Стряхнув с конца последние капли, он с удивлением взглянул на вьющиеся над крынкой клубы пара, задним умом замечая, как зябко в октябрьской мансарде.
Задвинув согретый сосуд под кроватные доски, он поднялся на ноги и со скрипом двинулся по чердаку к фамильному умывальнику у стены напротив окна. Согнувшись, чтобы приспособиться к резкому уклону скатов по краям крыши, Эрн налил холодной воды из маминого кувшина с нарисованной молочницей в эмалевый таз с ржавыми кромками, плеснул пригоршню себе на лицо, зафыркав, как конь, от ее злого укуса. От умывания бачки из сухой рыжей щетины стали свежеполитыми кудрями-завитками, капелью под торчащими ушами. Он вытер лицо насухо льняным полотенцем, затем всмотрелся в слабое отражение, выглядывавшее из мелкой лужицы на дне тазика. Угловатый, сухощавый, с выбившимися перечными прядями на челе, на котором он видел в приблизительных эскизах будущие печальные морщины и борозды — так он будет выглядеть однажды, тощим котярой после бури.
Эрн оделся — от холода поношенное платье не на шутку промозгло,— а затем слез с чердака в нижние пределы материнского дома, сползая задом наперед по узким ступенькам — таким крутым, что для спуска или подъема неизбежно приходилось хвататься руками, как на приставной лестнице или скалистом утесе. Он попытался прокрасться по площадке мимо двери в мамину комнату и спуститься, прежде чем она заслышит, но тут удача его покинула. Словно трусящего, трясущегося за занавеской жильца во время визита хозяина, его удачи никогда не было на месте.
— Эрнест?
Голос мамы, словно проржавевший грандиозный механизм, обратил Эрна в истукана с рукой, застывшей на шарике балясины. Он обернулся и увидел мать в открытой двери, ведшей в ее спальню, где стояли запахи дерьма и розовой воды, что казались еще противнее, чем запах дерьма сам по себе. Все еще в сорочке, с заколотыми редеющими волосами, мама сгорбилась у тумбочки, опустошая собственный горшок в цинковое ведро, с которым потом обойдет комнаты малышей и его с Энни, опустошит и их горшки и отправит весь улов в выгребную яму в конце двора. Эрнест Джон Верналл был тридцатидвухлетним жилистым мужиком со вспыльчивым норовом, с которым не захочется ввязаться в драку, женатый и с детьми, с работой, где его молча уважали, но под презрительным, разочарованным взглядом матери он шаркал башмаками по лакированному плинтусу, словно нашкодивший мальчишка.
— Ты седни работаешь?
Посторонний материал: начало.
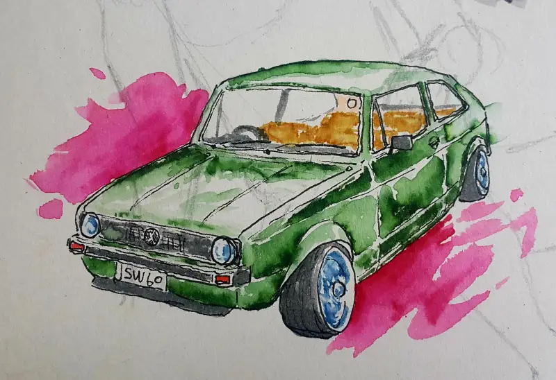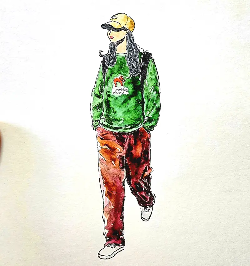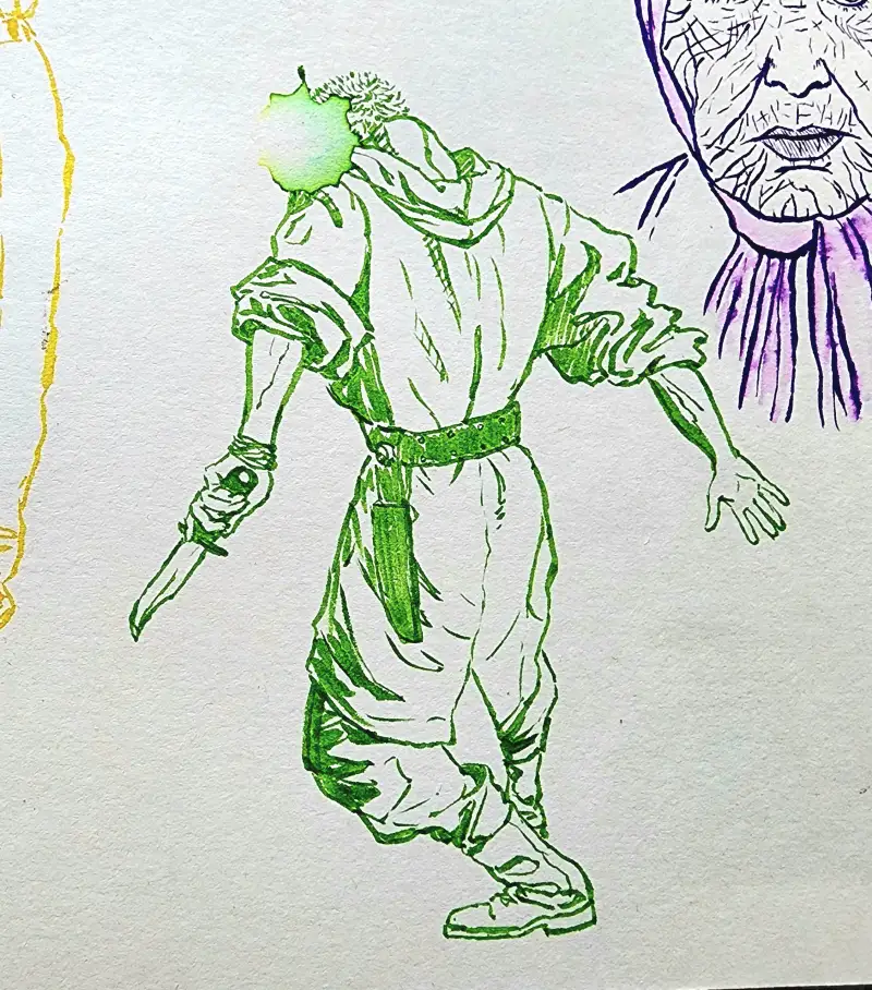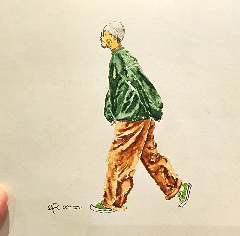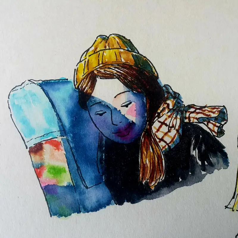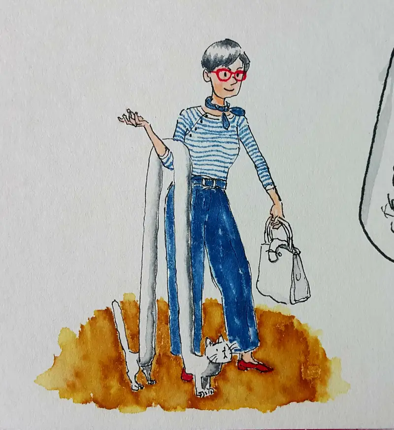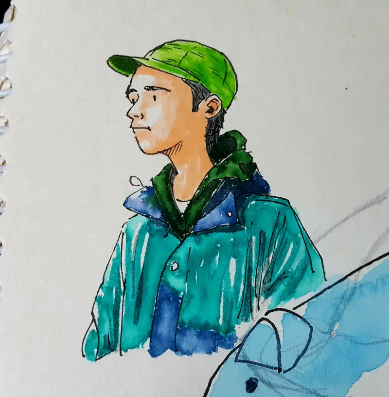 발색이 엄청 쨍-하기 때문에 일반수채화(?)와는 다른 독특한 매력이 있다고 생각해요. (종이가 아까워 예전 크로키 위에 덧그림 & 역시 바로 펜터치 이슈로 우산 아니라 파라솔 됨;;)

А то ежли нет, мне надобно в ломбард. Малышка сама себя не покормит, а Энн твоя есть доска доской. Не может их кормить, ни Турсу, ни твово Джона.
Эрн кивнул и опустил взгляд на протертый ковер цвета липучки для мух, накрывающий лестничную клетку от ступенек до входа на чердак.
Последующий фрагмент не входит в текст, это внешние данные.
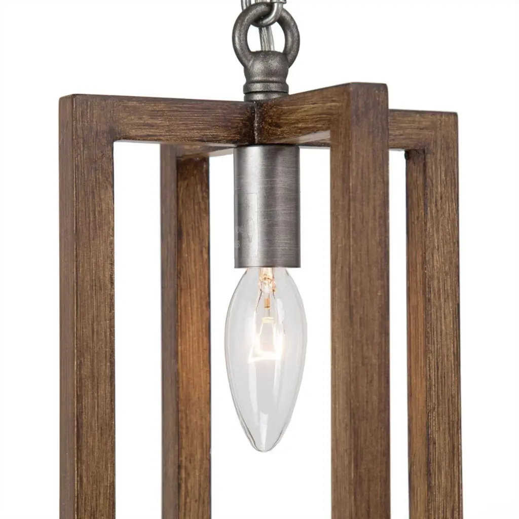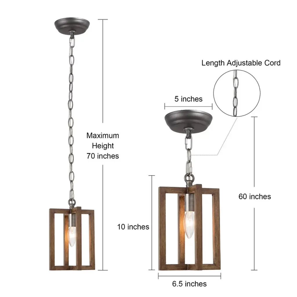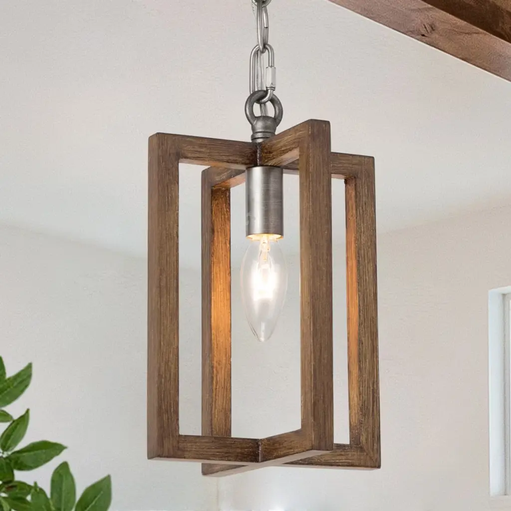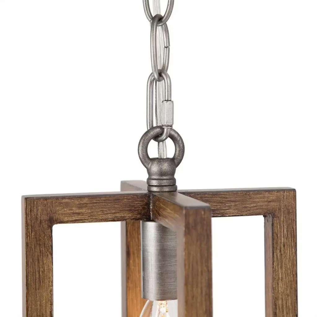Make a good first impression with this gorgeous one-light vintage geometric mini kitchen island pendant lighting fixture. Bringing a sweet dose of rustic and vintage charm, it offers a wood-tone accent by hand-painted and antique brushed silver finish candelabra bulb base. Framed within two square rings to create a strong sense of three-dimensional.

— Работаю всю неделю в Святом Павле, но заплотят тока в пятницу. Коли чего заложила, я потом выкуплю честь по чести, с жалованья.
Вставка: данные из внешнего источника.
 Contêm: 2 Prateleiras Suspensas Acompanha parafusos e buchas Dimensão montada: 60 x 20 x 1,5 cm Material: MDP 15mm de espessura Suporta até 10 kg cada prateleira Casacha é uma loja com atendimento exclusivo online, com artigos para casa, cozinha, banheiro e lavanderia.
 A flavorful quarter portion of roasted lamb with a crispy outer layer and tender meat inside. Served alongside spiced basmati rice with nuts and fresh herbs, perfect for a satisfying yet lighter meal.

Она отвернулась и пренебрежительно покачала головой, затем продолжила шумно наполнять ведро зловонной золотой жидкостью. Поджав хвост и ссутулившись, Эрн затрусил по лестнице в облезающую умбру коридора, затем налево в спертую тесноту гостиной, где Энни разожгла огонь в печи. Присев у детского стульчика и пытаясь накормить девочку согретым коровьим молоком в приспособленной для этого дела бутылке из-под имбирного эля, Энни едва ли подняла голову, когда за ее спиной в комнату вошел муж. Только их мальчишка Джон оторвался от очага, где без толку ковырялся в овсянке, взглянув на отца и даже не улыбнувшись.
— На кухне тебе на завтрак жареный хлеб, но и не знаю, что будет, как вернешься. Ну давай же, капельку молока за мамочку.
Последние слова Энн обратила к их дочери, Турсе, которая, все еще раскрасневшаяся и заплаканная, решительно отворачивалась от растрескавшейся резиновой соски, что жена Эрна пыталась пристроить в округленный от криков ротик малышки. Было немногим позже семи, отчего мрачную каморку еще окутывали тени — где начищенная бронза камина обращала волосы маленького Джона в расплавленный металл, поблескивала на заплаканной щеке младенца и окрашивала худощавое лицо его жены светом, как подливой.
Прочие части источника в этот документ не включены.